Po dwóch wysokich wygranych (31:21 i 36:18) w meczach o brązowe medale z Olimpią Piekary Śląskie szczypiorniści VIVE Kielce dochodzą do równowagi.

- Przede wszystkim psychicznej – uważa trener, Aleksander Litowski. – Po porażce z Wisłą Płock byliśmy zdołowani niesamowicie. Zresztą nie tylko my, ale całe kieleckie środowisko szczypiorniaka. Jest już lepiej, a by było dobrze, najpierw musimy ograć Olimpię i wywalczyć brązowy medal. Wbrew pozorom, w Piekarach, wcale nie czeka nas łatwe zadanie.
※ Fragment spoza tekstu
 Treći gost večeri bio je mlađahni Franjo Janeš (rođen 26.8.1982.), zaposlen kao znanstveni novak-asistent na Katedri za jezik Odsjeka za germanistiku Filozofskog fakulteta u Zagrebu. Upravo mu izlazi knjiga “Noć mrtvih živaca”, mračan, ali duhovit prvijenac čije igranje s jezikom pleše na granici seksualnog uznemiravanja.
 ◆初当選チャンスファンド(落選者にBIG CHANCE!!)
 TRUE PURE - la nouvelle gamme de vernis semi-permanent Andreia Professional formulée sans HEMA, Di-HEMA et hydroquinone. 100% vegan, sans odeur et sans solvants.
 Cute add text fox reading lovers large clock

Na swoim terenie Olimpia jest wyjątkowo trudnym rywalem.

Z kolei Radosław Wasiak, najbardziej doświadczony gracz VIVE podchodzi do trzeciego meczu o brąz spokojnie i optymistycznie. – Zagramy skoncentrowani, będziemy zmobilizowani. Nie chcemy przedłużać rywalizacji w nieskończoność. Twierdzę, że już w sobotę na naszych piersiach zawisną medale sezonu 2006/07. Szkoda tylko, że nie złote... – konstatuje obrotowy kieleckiej „siódemki”
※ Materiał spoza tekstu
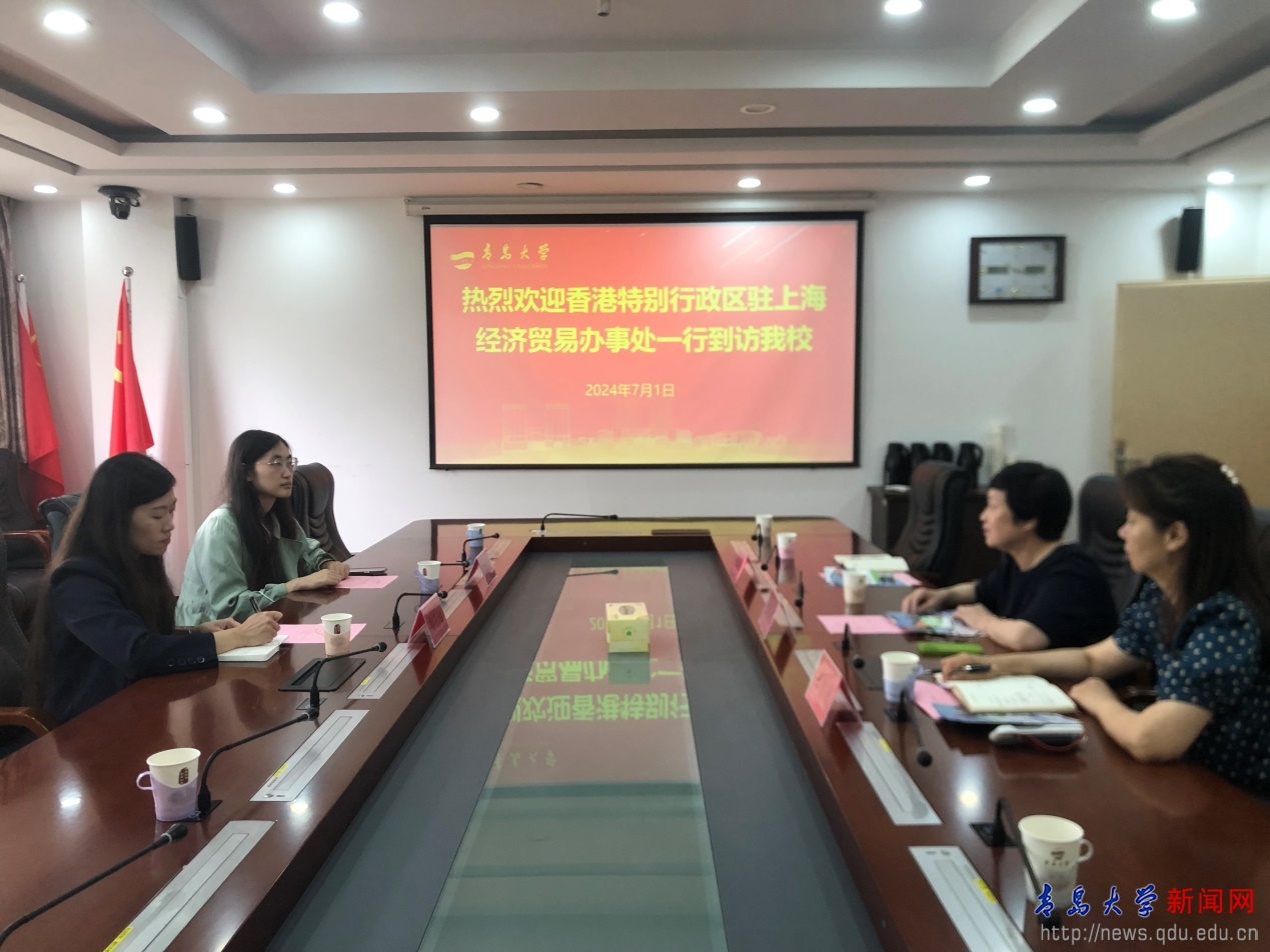 新闻网讯 7月1日上午,香港特别行政区政府驻上海经济贸易办事处(后简称“驻沪办”)入境事务主任杨芷翘、行政助理张思瑶一行两人来访鸭脖。学校统战部常务副部长、台港澳事务办公室主任王春光等陪同交流。

Zawodnicy przygotowują się do decydujących batalii ligowych a działacze mocno zastanawiają się nad kandydatem do objęcia stanowiska trenera w najbliższym sezonie. Na transferowej giełdzie padają różne nazwiska. Począwszy od Jarosława Cieślikowskiego, poprzez Aleksandra Malinowskiego, Tomasza Strząbałę a na obecnym trenerze – Aleksandrze Ligtowskim kończąc.

Wiceprezes klubu, Marian Urban nie chce udzielać konkretnej odpowiedzi. – Dyskutowaliśmy, analizowaliśmy poszczególne kandydatury, ale na ostateczną decyzję jest jeszcze trochę czasu. Chcemy, by w następnym sezonie drużyna nabrała odpowiedniego kształtu, charakteru, by swoją postawą zadowoliła wszystkich – uważa prezes Urban.